Prezydent Ukrainy Wołodymyr Zełenski oskarżył Rosję o „barbarzyństwo” po ataku rakietowym na port w Odessie. Przełomowa umowa o wznowieniu ukraińskiego eksportu zboża – podpisana na kilka godzin przed atakiem – teraz wisi na włosku.
Moskwa nie skomentowała ataku, a Kijów poinformował, że wciąż trwają przygotowania do wznowienia eksportu zboża, pomimo pozornego naruszenia. Ale w sobotę prezydent Zełenski powiedział, że ilustruje to, jak nie można ufać Moskwie, że dotrzyma umowy. Poprzysiągł zrobić wszystko, co możliwe, aby w przyszłości pozyskać systemy obrony przeciwlotniczej zdolne do zestrzeliwania takich pocisków w przyszłości.
Ukraina jest dużym eksporterem zboża, ale z powodu wojny w jej portach uwięzionych jest około 20 mln ton zboża, których nie mogą opuścić z powodu sił rosyjskich. Doprowadziło to do niedoborów żywności i wzrostu cen w całej Afryce, która zazwyczaj jest zależna od Ukrainy i Rosji, jeśli chodzi o pszenicę.

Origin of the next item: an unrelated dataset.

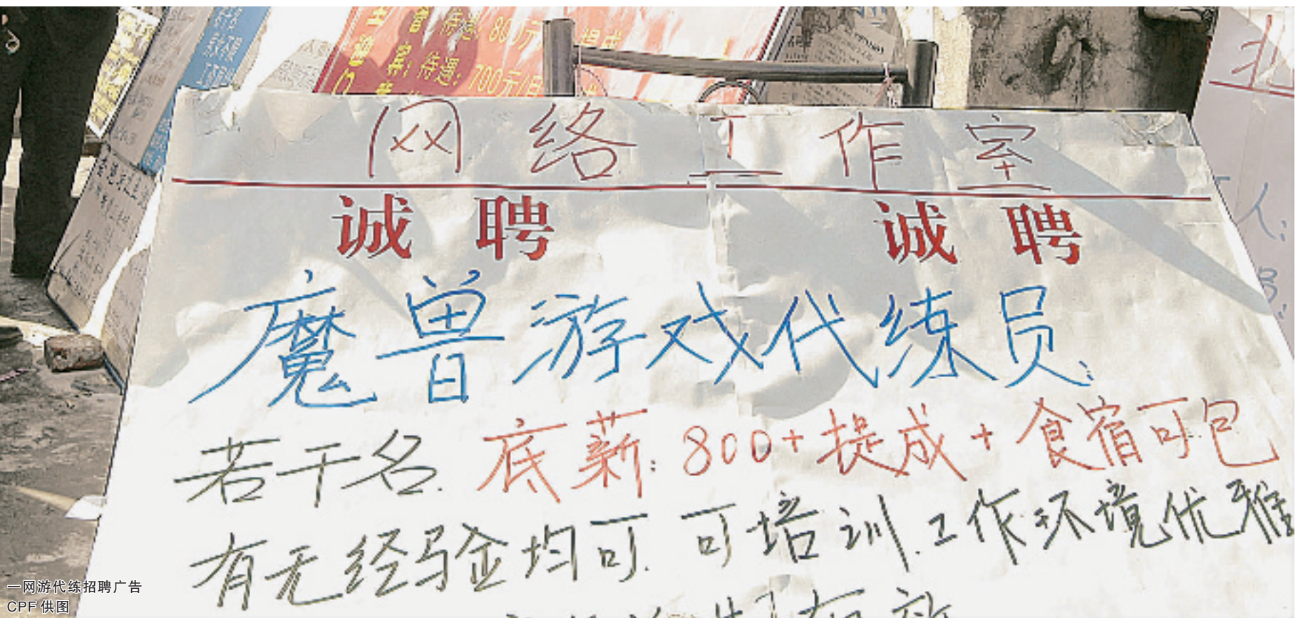
一网游代练招聘广告

Zgodnie z piątkowym porozumieniem Rosja zgodziła się nie atakować portów, gdy transport zboża był w drodze. Jednak zaledwie kilka godzin po podpisaniu umowy, według południowego centrum dowodzenia ukraińskiego wojska, dwa pociski Kalibr uderzyły w port w Odessie. Dodał, że kolejne dwa pociski zostały zestrzelone przez systemy obrony powietrznej.
Uderzenie nie spowodowało znaczących szkód w porcie, podało centrum dowodzenia. Atak został powszechnie potępiony. Sekretarz stanu USA Antony Blinken oskarżył Rosję o pogłębianie światowego kryzysu żywnościowego i powiedział, że atak poddaje „poważne wątpliwości” w wiarygodność zaangażowania Rosji w pakt.